- WORK TO COMPLETE
Restate the whole listing below word for word and keep the images out.

- DATA SHOWN
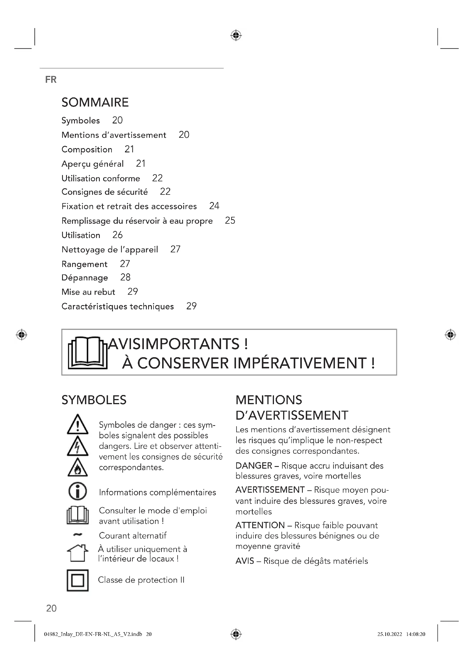SOMMAIRE Symboles 20 Mentions d’avertissement 20 Composition 21 Aperçu général 21 Utilisation conforme 22 Consignes de sécurité 22 Fixation et retrait des accessoires 24 Remplissage du réservoir à eau propre 25 Utilisation 26 Nettoyage de l’appareil 27 Rangement 27 Dépannage 28 Mise au rebut 29 Caractéristiques techniques 29 SYMBOLES Symboles de danger: ces sym- boles signalent des possibles dangers. Lire et observer attenti- vement les consignes de sécurité correspondantes. Informations complémentaires Consulter le mode d'emploi avant utilisation! Courant alternatif À utiliser uniquement à l’intérieur de locaux! Classe de protection II MENTIONS D’AVERTISSEMENT Les mentions d’avertissement désignent les risques qu’implique le non-respect des consignes correspondantes. DANGER– Risque accru induisant des blessures graves, voire mortelles AVERTISSEMENT– Risque moyen pou- vant induire des blessures graves, voire mortelles ATTENTION– Risque faible pouvant induire des blessures bénignes ou de moyenne gravité AVIS– Risque de dégâts matériels AVIS IMPORTANTS! À CONSERVER IMPÉRATIVEMENT! 04982_Inlay_DE-EN-FR-NL_A5_V2.indb 2004982_Inlay_DE-EN-FR-NL_A5_V2.indb 20 25.10.2022 14:08:2025.10.2022 14:08:20FR
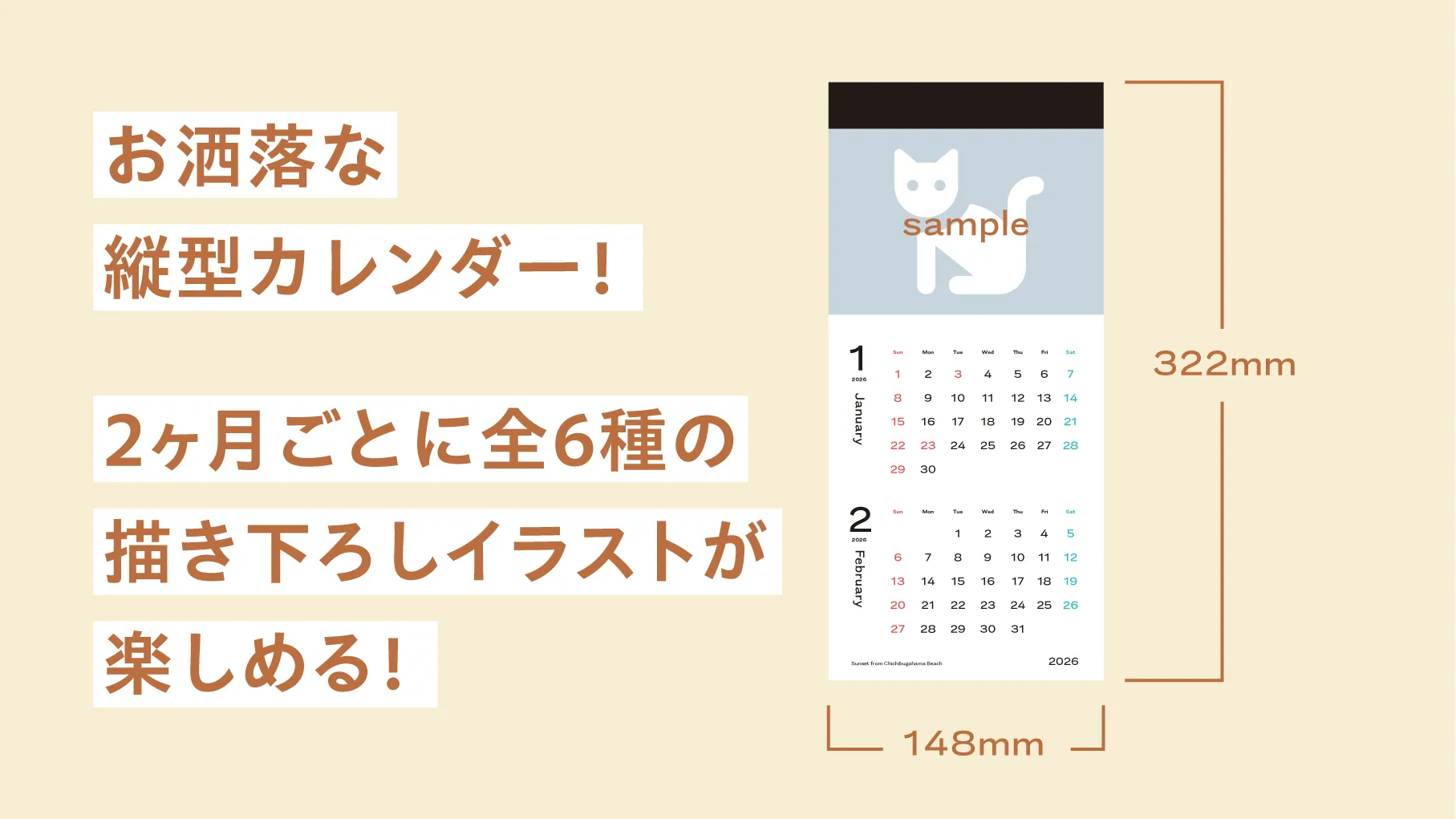 カレンダーは、幅148mm×高さ322mm。縦に長く、スタイリッシュでお洒落な印象の形です。2ヶ月が1枚になっており、表紙+6枚の描き下ろしイラストが添えられます。
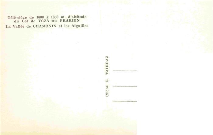 74052266 Sessellift Chairlift Telesiege Tele siege Prarion Vallee Chamonix postalisch nicht gelaufen Erhaltung siehe scans [SanaeD93] KatCode: 22040000000400
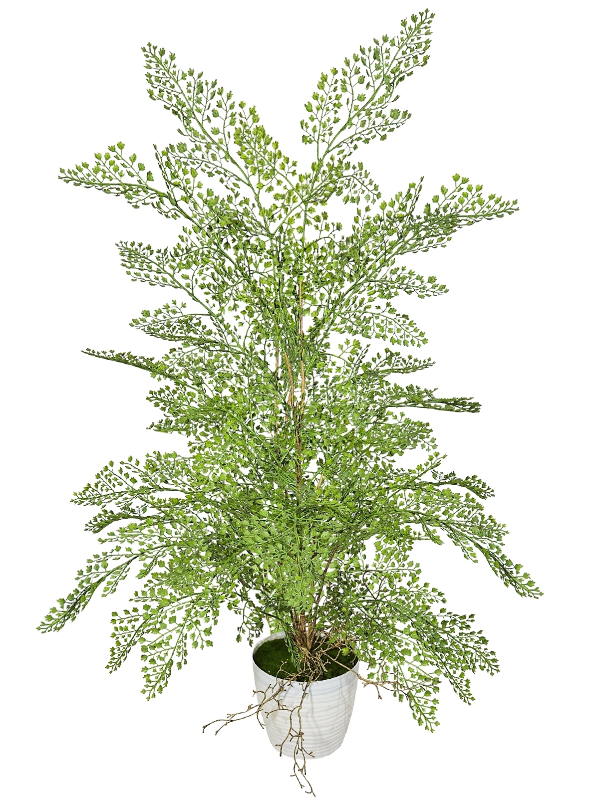 Невероятно реалистичный, ажурный папоротник Адиантум 2 куста с корнями в белом кашпо отлично вольется в интерьер, украсив собой любое пространство. Искусственное растение в горшке не требовательно в уходе, но привлекает к себе внимание и поднимает настроение свежим серо-зеленым цветом и красотой. Мы рекомендуем поставить это высокое искусственное растение в свое декоративное кашпо.
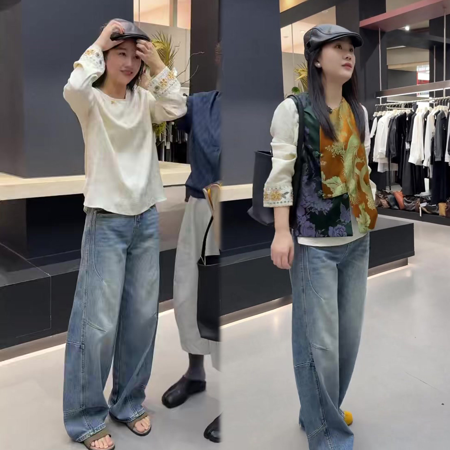 小众个性时尚套装女2026春季新款拼色国风马甲+小衫+弯刀牛仔裤潮
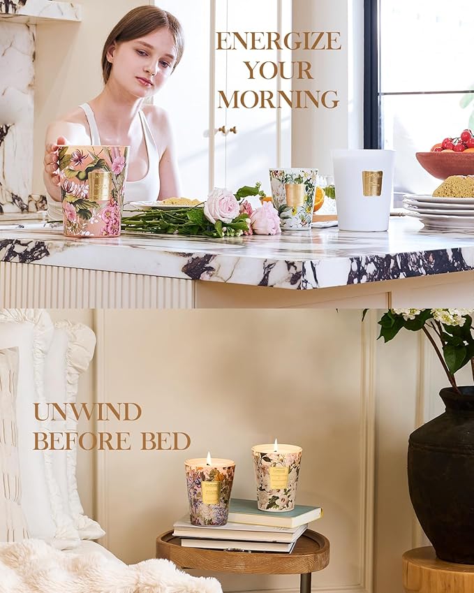 • Aesthetic Jar Candles - The exquisite flower pattern design brings a touch of nature's charm. With the elegant gold sticker, it creates a luxurious and sophisticated look. This makes our candle an ideal choice for home decoration, as it effortlessly enhances the aesthetic appeal of any living space
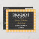 Cute Engagement Party invitation with cool Amber Orange Gingham pattern and dark grey modern chevron background.
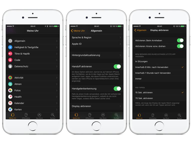 Wenn Sie das Display der Apple Watch per Armheben aktivieren, haben Sie sicherlich schon festgestellt, dass es nicht lange aktiv bleibt. Bis zu 70 Sekunden kann es anbleiben, wenn Sie es per Antippen oder das Drücken einer Taste aufwecken. Die Zeit lässt sich in der Watch-App Ihres iPhone einstellen. Gehen Sie dazu in „Allgemein > Display aktivieren“ und tippen die gewünschte Einstellung am unteren Ende an. Sie haben jedoch nur die Auswahl zwischen „15 Sek. aktivieren“ und „70 Sek. aktivieren“.
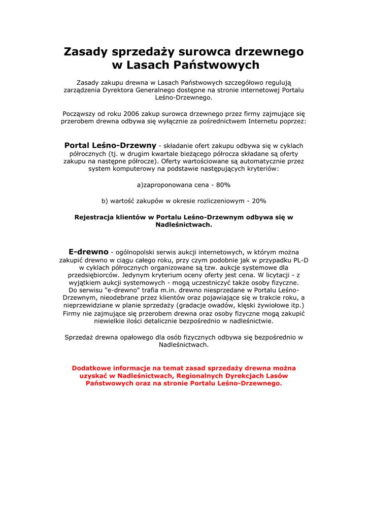 Zasady sprzedaży surowca drzewnego w Lasach Państwowych Zasady zakupu drewna w Lasach Państwowych szczegółowo regulują zarządzenia Dyrektora Generalnego dostępne na stronie internetowej Portalu Leśno-Drzewnego. Począwszy od roku 2006 zakup surowca drzewnego przez firmy zajmujące się przerobem drewna odbywa się wyłącznie za pośrednictwem Internetu poprzez: Portal Leśno-Drzewny - składanie ofert zakupu odbywa się w cyklach półrocznych (tj. w drugim kwartale bieżącego półrocza składane są oferty zakupu na następne półrocze). Oferty wartościowane są automatycznie przez system komputerowy na podstawie następujących kryteriów: a)zaproponowana cena - 80% b) wartość zakupów w okresie rozliczeniowym - 20% Rejestracja klientów w Portalu Leśno-Drzewnym odbywa się w Nadleśnictwach. E-drewno - ogólnopolski serwis aukcji internetowych, w którym można zakupić drewno w ciągu całego roku, przy czym podobnie jak w przypadku PL-D w cyklach półrocznych organizowane są tzw. aukcje systemowe dla przedsiębiorców. Jedynym kryterium oceny oferty jest cena. W licytacji - z wyjątkiem aukcji systemowych - mogą uczestniczyć także osoby fizyczne. Do serwisu "e-drewno" trafia m.in. drewno niesprzedane w Portalu LeśnoDrzewnym, nieodebrane przez klientów oraz pojawiające się w trakcie roku, a nieprzewidziane w planie sprzedaży (gradacje owadów, klęski żywiołowe itp.) Firmy nie zajmujące się przerobem drewna oraz osoby fizyczne mogą zakupić niewielkie ilości detalicznie bezpośrednio w nadleśnictwie. Sprzedaż drewna opałowego dla osób fizycznych odbywa się bezpośrednio w Nadleśnictwach. Dodatkowe informacje na temat zasad sprzedaży drewna można uzyskać w Nadleśnictwach, Regionalnych Dyrekcjach Lasów Państwowych oraz na stronie Portalu Leśno-Drzewnego.
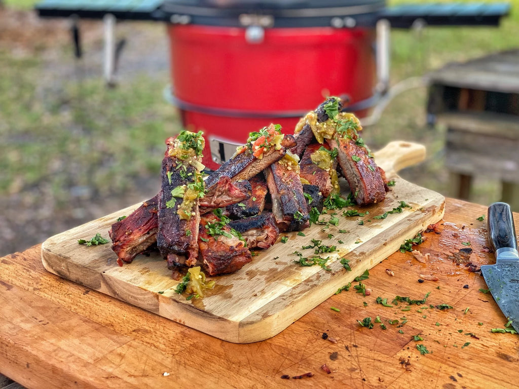 Rip 3 sheets of foil, 1 for each portion of rib, pour ½ cup of Chile Verde Salsa in the center and top with the rib section facing meat side down. Fold the foil over creating 3 individual pouches and replace back on the indirect side with the salsa facing downward and cook for 45 minutes to 1 hour. Check at the 30-minute mark to make sure the ribs and salsa are not getting too dark.

- ANSWER BELOW
SOMMAIRE Symboles 20 Mentions d’avertissement 20 Composition 21 Aperçu général 21 Utilisation conforme 22 Consignes de sécurité 22 Fixation et retrait des accessoires 24 Remplissage du réservoir à eau propre 25 Utilisation 26 Nettoyage de l’appareil 27 Rangement 27 Dépannage 28 Mise au rebut 29 Caractéristiques techniques 29 SYMBOLES Symboles de danger: ces sym- boles signalent des possibles dangers. Lire et observer attenti- vement les consignes de sécurité correspondantes. Informations complémentaires Consulter le mode d'emploi avant utilisation! Courant alternatif À utiliser uniquement à l’intérieur de locaux! Classe de protection II MENTIONS D’AVERTISSEMENT Les mentions d’avertissement désignent les risques qu’implique le non-respect des consignes correspondantes. DANGER– Risque accru induisant des blessures graves, voire mortelles AVERTISSEMENT– Risque moyen pou- vant induire des blessures graves, voire mortelles ATTENTION– Risque faible pouvant induire des blessures bénignes ou de moyenne gravité AVIS– Risque de dégâts matériels AVIS IMPORTANTS! À CONSERVER IMPÉRATIVEMENT! 04982_Inlay_DE-EN-FR-NL_A5_V2.indb 2004982_Inlay_DE-EN-FR-NL_A5_V2.indb 20 25.10.2022 14:08:2025.10.2022 14:08:20FR
 カレンダーは、幅148mm×高さ322mm。縦に長く、スタイリッシュでお洒落な印象の形です。2ヶ月が1枚になっており、表紙+6枚の描き下ろしイラストが添えられます。
 74052266 Sessellift Chairlift Telesiege Tele siege Prarion Vallee Chamonix postalisch nicht gelaufen Erhaltung siehe scans [SanaeD93] KatCode: 22040000000400
 Невероятно реалистичный, ажурный папоротник Адиантум 2 куста с корнями в белом кашпо отлично вольется в интерьер, украсив собой любое пространство. Искусственное растение в горшке не требовательно в уходе, но привлекает к себе внимание и поднимает настроение свежим серо-зеленым цветом и красотой. Мы рекомендуем поставить это высокое искусственное растение в свое декоративное кашпо.
 小众个性时尚套装女2026春季新款拼色国风马甲+小衫+弯刀牛仔裤潮
 • Aesthetic Jar Candles - The exquisite flower pattern design brings a touch of nature's charm. With the elegant gold sticker, it creates a luxurious and sophisticated look. This makes our candle an ideal choice for home decoration, as it effortlessly enhances the aesthetic appeal of any living space
 Cute Engagement Party invitation with cool Amber Orange Gingham pattern and dark grey modern chevron background.
 Wenn Sie das Display der Apple Watch per Armheben aktivieren, haben Sie sicherlich schon festgestellt, dass es nicht lange aktiv bleibt. Bis zu 70 Sekunden kann es anbleiben, wenn Sie es per Antippen oder das Drücken einer Taste aufwecken. Die Zeit lässt sich in der Watch-App Ihres iPhone einstellen. Gehen Sie dazu in „Allgemein > Display aktivieren“ und tippen die gewünschte Einstellung am unteren Ende an. Sie haben jedoch nur die Auswahl zwischen „15 Sek. aktivieren“ und „70 Sek. aktivieren“.
 Zasady sprzedaży surowca drzewnego w Lasach Państwowych Zasady zakupu drewna w Lasach Państwowych szczegółowo regulują zarządzenia Dyrektora Generalnego dostępne na stronie internetowej Portalu Leśno-Drzewnego. Począwszy od roku 2006 zakup surowca drzewnego przez firmy zajmujące się przerobem drewna odbywa się wyłącznie za pośrednictwem Internetu poprzez: Portal Leśno-Drzewny - składanie ofert zakupu odbywa się w cyklach półrocznych (tj. w drugim kwartale bieżącego półrocza składane są oferty zakupu na następne półrocze). Oferty wartościowane są automatycznie przez system komputerowy na podstawie następujących kryteriów: a)zaproponowana cena - 80% b) wartość zakupów w okresie rozliczeniowym - 20% Rejestracja klientów w Portalu Leśno-Drzewnym odbywa się w Nadleśnictwach. E-drewno - ogólnopolski serwis aukcji internetowych, w którym można zakupić drewno w ciągu całego roku, przy czym podobnie jak w przypadku PL-D w cyklach półrocznych organizowane są tzw. aukcje systemowe dla przedsiębiorców. Jedynym kryterium oceny oferty jest cena. W licytacji - z wyjątkiem aukcji systemowych - mogą uczestniczyć także osoby fizyczne. Do serwisu "e-drewno" trafia m.in. drewno niesprzedane w Portalu LeśnoDrzewnym, nieodebrane przez klientów oraz pojawiające się w trakcie roku, a nieprzewidziane w planie sprzedaży (gradacje owadów, klęski żywiołowe itp.) Firmy nie zajmujące się przerobem drewna oraz osoby fizyczne mogą zakupić niewielkie ilości detalicznie bezpośrednio w nadleśnictwie. Sprzedaż drewna opałowego dla osób fizycznych odbywa się bezpośrednio w Nadleśnictwach. Dodatkowe informacje na temat zasad sprzedaży drewna można uzyskać w Nadleśnictwach, Regionalnych Dyrekcjach Lasów Państwowych oraz na stronie Portalu Leśno-Drzewnego.
 Rip 3 sheets of foil, 1 for each portion of rib, pour ½ cup of Chile Verde Salsa in the center and top with the rib section facing meat side down. Fold the foil over creating 3 individual pouches and replace back on the indirect side with the salsa facing downward and cook for 45 minutes to 1 hour. Check at the 30-minute mark to make sure the ribs and salsa are not getting too dark.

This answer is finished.